Вступая, перед тем, в престольную палату, Курбский повторил про себя благоразумное предостережение Бутурлина — не раздражать царя, не перечить. Но теперь, когда грамота царевича Димитрия не только не возымела никакого успеха, но перед всей боярской думой подверглась такому поруганию, кровь хлынула ему в голову, и он вне себя крикнул:

— Государь! Это тебе так не пройдет…

Он прибавил бы, пожалуй, еще много неподобающего, не укажи на него Годунов своим телохранителям:

— Убрать его!

Те кинулись исполнить царскую волю. Курбский уже опомнился и без сопротивления отдался в их власть. Но тут, ко всеобщему изумлению, заговорил царевич Федор, этот безгласный в присутствии родителя, шестнадцатилетний отрок.

— Царь-батюшка! Коли он забылся, так от тяжкой обиды за того, кем прислан…

И, наклонясь еще ближе к отцу, царевич стал ему что-то нашептывать, умоляюще сложив руки. Борьба оскорбленного величия и нежного родительского чувства продолжалась недолго: последнее взяло верх.

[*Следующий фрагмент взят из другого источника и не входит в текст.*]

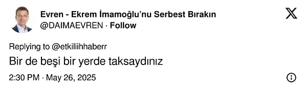 ‘Esila kalp ve böbrek hastası olmasına karşın CB’ye hakaretten 36 gün tutuklu kaldı. Zehra Kınık ise trafikte 17 yaşında genci öldürdü, asli kusurlu bulundu. Yalnızca 4 yıl 2 ay mahpus cezası verildi, hiç mahpusa girmeyecek… Ehliyetine de anca bugün 2 yıllığına el konuldu.’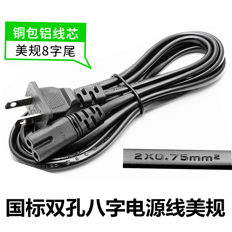 National Label Two-plug power cord Two-hole plug line 8-word tail double-hole eight-word power cord 2-plug charging line 1 5 m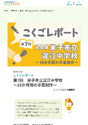 東京書籍の国語情報サイト「こくごスタジオ」の記事です。全国の学校での取り組みを紹介する「こくごレポート」の第7回目となります。今回は米子市立淀江中学校に伺いました。3年生の卒業制作として、書写の共同作品を制作する授業を、10か月にわたり取材しました。

— Оставьте его! — приказал Борис рындам, а затем отнесся к Курбскому, — на сей раз, князь, так и быть, тебе это не зачтется. Правду молвил царевич, что твоими устами говорил не ты сам, а приславший тебя. Его же вина, что прислал он ко мне не зрелого мужа, а молодчика, у коего, что на душе, то и на языке. Иди с миром, и да послужит тебе это вперед наукой.

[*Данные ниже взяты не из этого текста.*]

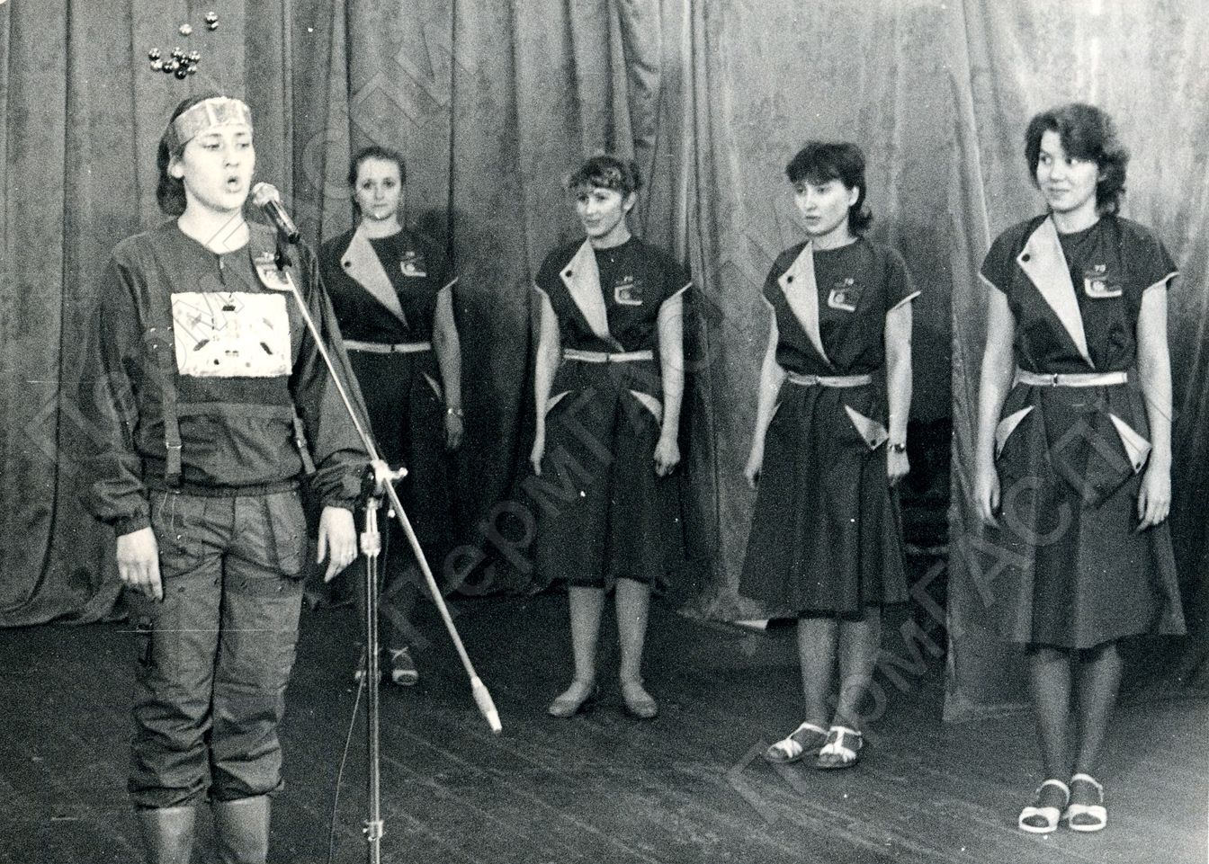 Коллектив раскройного цеха в смотре-конкурсе агитбригад, посвященнуй 70-летию Октября. Красный уголок фабрики "Пермодежда". На снимке: Шубина Наташа, Кудина Люда, Сибирякова Нэлля, Мазунина Таня, Казакова Лено.

Сознавая сам, что в своей обиде за царевича он хватил через край, Курбский, как провинившийся мальчик, потупил глаза в пол.

— А ответной грамоты не будет? — спросил он.

Годунов переглянулся опять со своим сыном и наследником и, вместо прямого отказа, отозвался неопределенно:

— Первым делом отдохни от пути. Ведь в Москве у нас ты впервой?

— Впервой, государь.

— И на Иване Великом нашем еще не побывал?